Complex functional materials and devices sit in a regime mainstream ML-for-science rarely touches: the systems are complicated, every data point is expensive, and there is no database or benchmark to start from. That regime is what my research targets, with an AI co-scientist stack running from hypothesis generation through device digital twins to physical validation.
Public databases and benchmarks cover a thin slice of materials science: mostly single crystals, small molecules, idealized surfaces. The systems I work on (FET sensors, membranes, electrocatalytic assemblies) are multi-component and strongly coupled across scales, and one data point can cost days of synthesis and testing. The big data is not coming. So I design AI systems that work the way experimentalists do: pull priors from the literature, build physics-constrained surrogates, and spend the experimental budget where it counts.
Text: an agentic pipeline, prompt-optimized with TextGrad, extracts structured knowledge graphs from raw publication corpora (21.8% BLEU improvement in knowledge extraction). Twin: a graph neural network that knows the device topology, trained as a digital twin of the coupled material–device system; on FET sensors it predicts sensitivity with 92.3% accuracy. Translation: the twin then screens 123.2 million PubChem compounds for out-of-distribution tasks such as PFAS-sensing probe design. Accepted at SIGKDD 2026 AI4Science; Spotlight Oral at ICLR 2026 AI4Mat.
Text
AI reads the literature and extracts structured device knowledge.
Twin
The full device context becomes a topology-aware graph.
Translation
The twin ranks new candidate materials and molecules.

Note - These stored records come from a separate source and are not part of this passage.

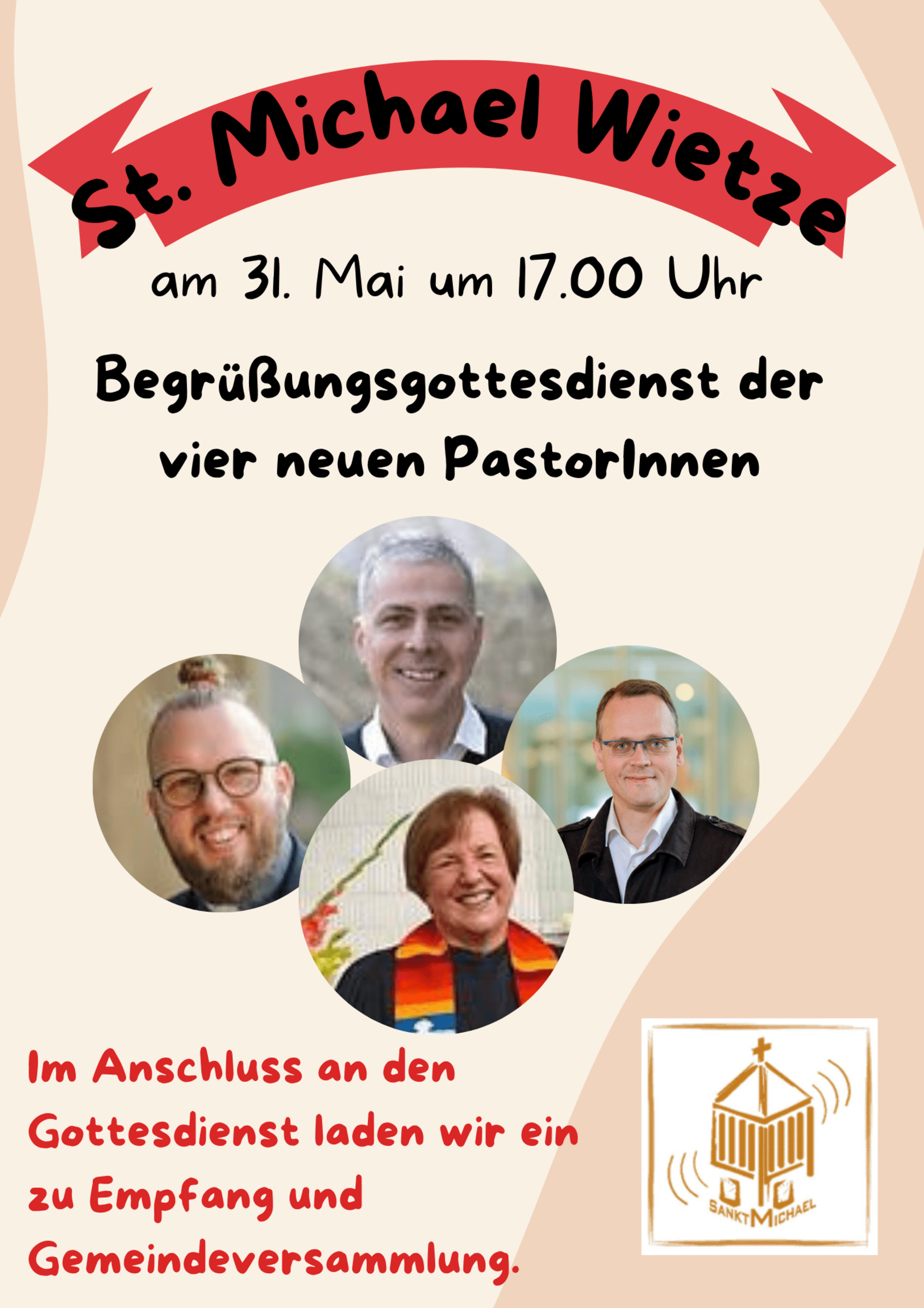 zur Gemeindeversammlung im Anschluss an den Gottesdienst am 31. Mai (circa 18 Uhr). Der für 10.15 Uhr geplante Gottesdienst wurde auf 17 Uhr verlegt, so dass alle vier Pastoren, die für unsere Wietzer Gemeinde tätig sind, teilnehmen können. Im Anschluss stellen sich Pastorin Susanne Bachmann-Günther aus Oldau und der kürzlich in Winsen ordinierte Pastor Sascha Weinkauf gemeinsam mit Pastor Mirco Kühne und Pastor Christoph Ricker dem Gespräch und der Gemeinde vor.
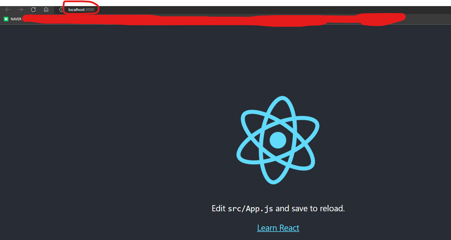 localhost:3000을 입력하면 리액트 홈페이지가 나옵니다.
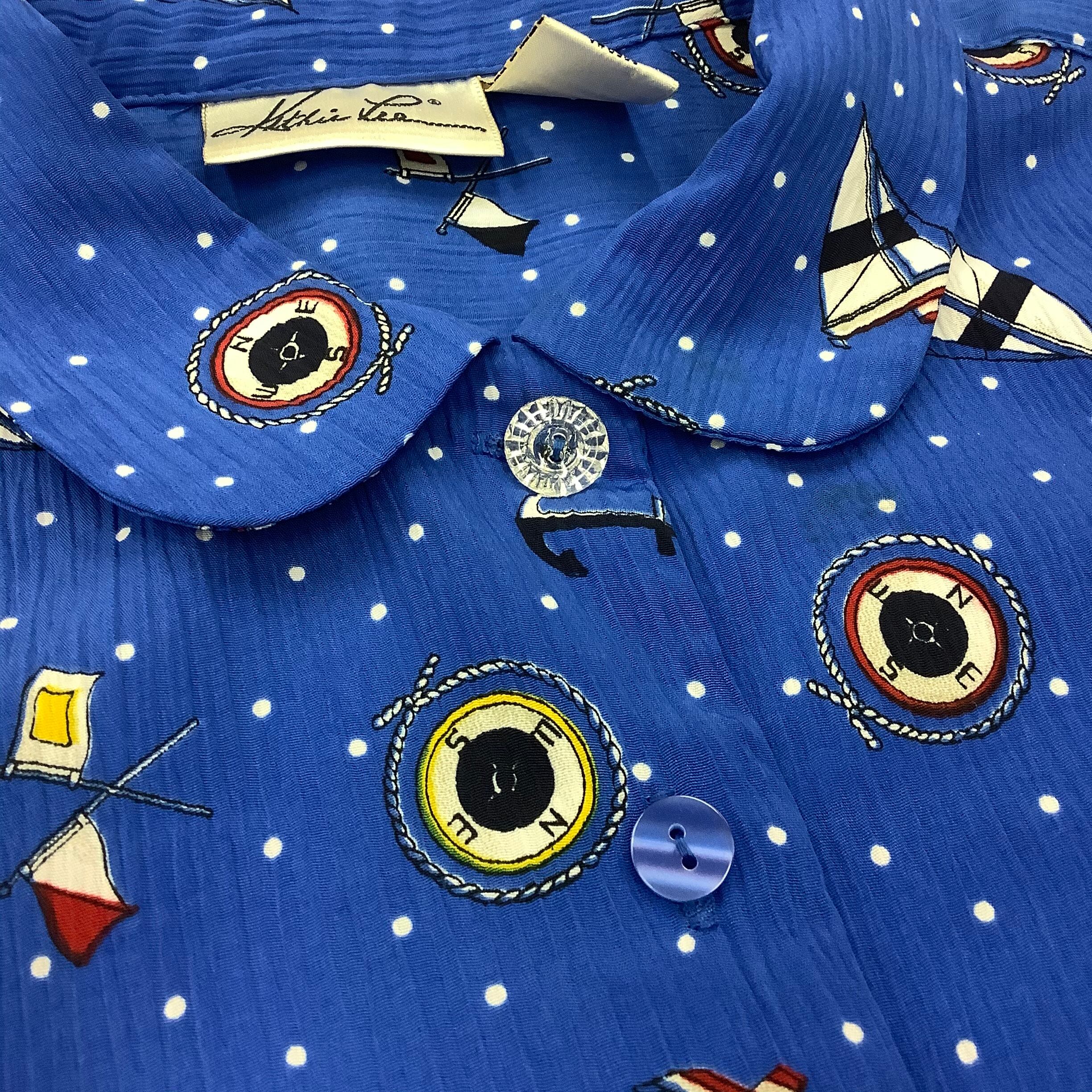 #レディース#古着#古着屋#インポート古着#インポート#ジョージアンドキューピー#ジョージ&キューピー#ヴィンテージ#vintage #トップス #半袖シャツ #総柄 #パターンシャツ #ヨット柄 #海 #青色 #襟付き #前開き

The Twin is a message-passing GNN over the device topology graph: $$h_v^{(k+1)}=\phi\Big(h_v^{(k)},\ \bigoplus_{u\in\mathcal{N}(v)}\psi\big(h_v^{(k)},h_u^{(k)},e_{uv}\big)\Big)$$ where edges $e_{uv}$ encode physical couplings between material, channel, and electrode nodes.
Deep Tree of Research (DToR) is a hypothesis-generation engine, not a chat agent: a local-first RAG system with a tree-structured orchestrator that adaptively expands and prunes research branches for coverage, depth, and coherence. Benchmarked on 27 nanomaterials/device topics against 44 agent configurations, its reports achieved a ~79% mean pairwise win rate against commercial deep-research systems, while running entirely on in-house, consumer-level hardware with open-source LLMs.

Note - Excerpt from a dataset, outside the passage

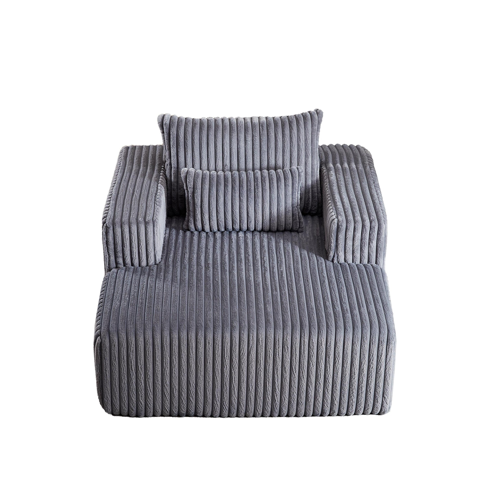 Fauteuil de salon gris moderne en velours côtelé éponge 62,5 avec 2 coussins pour salon
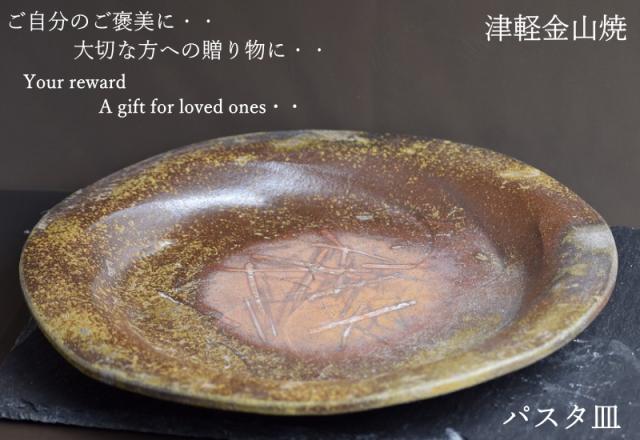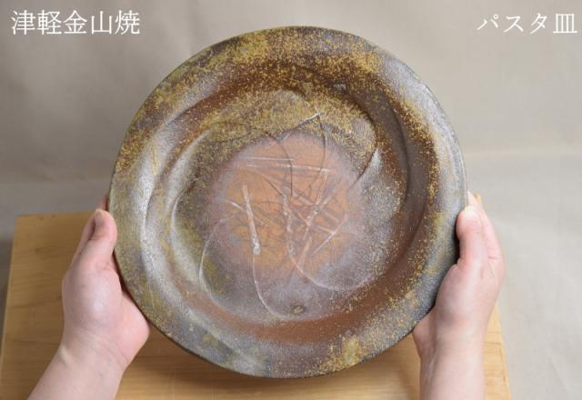 津軽金山焼 焼き締め 陶器 皿 パスタ皿 送料無料

RAPIDS is the atomistic validation engine of the stack. It benchmarks machine-learning interatomic potentials against DFT on 5,567 probe–target dimer interactions across 18 benchmarks; the result is that geometry, not the energy surface, drives the neutral MLIP–DFT gap. It is also packaged as a tool autonomous LLM agents can call for fast physical sanity checks. The last gate is the one I was trained for: nanomaterial synthesis, device fabrication, and electrochemical testing in the wet lab.

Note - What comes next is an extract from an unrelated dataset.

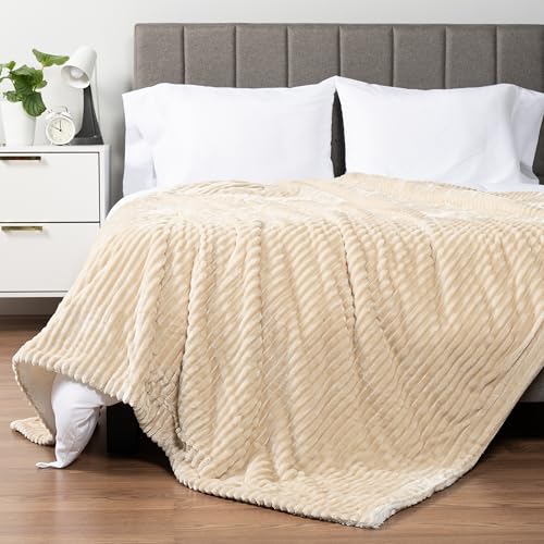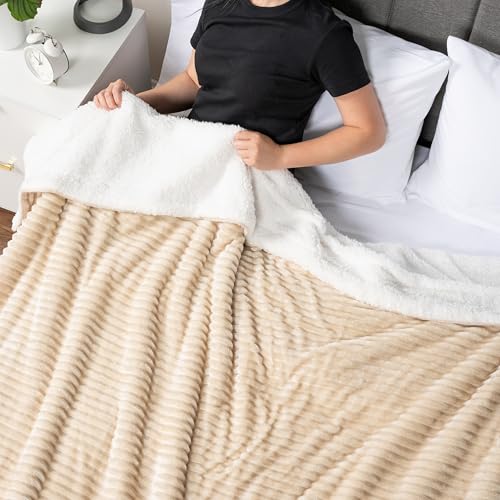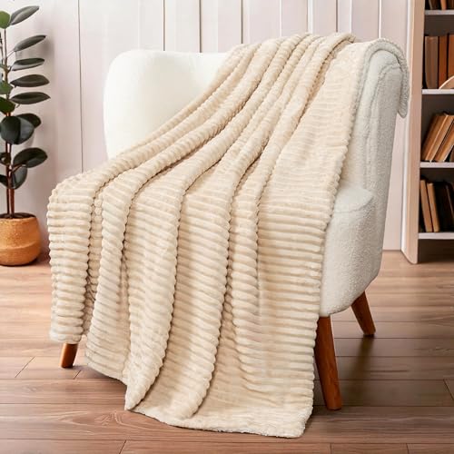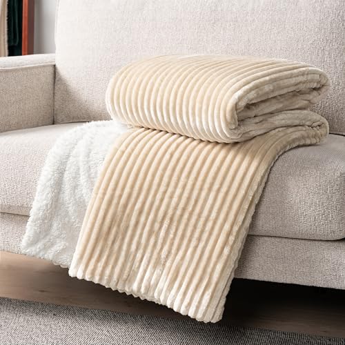 3D-geripptes Streifendesign: Diese cremefarbene Sherpa-Decke hat eine Streifenstruktur und ein wendbares Sherpa, das Ihre Wohnkultur-Ästhetik betont. Die lebendige Farbe macht sie zu einer vielseitigen dekorativen Decke

Not every candidate deserves full-cost validation. Drag the fidelity up and watch the field thin out.
Electrocatalysis
Accelerated discovery of OER/HER catalysts for clean hydrogen production.
Chemical Sensing
Neuromorphic approaches for FET sensor design and environmental monitoring.
Water & Environment
PFAS detection probes and AI-guided design of PFAS-selective membrane interfaces.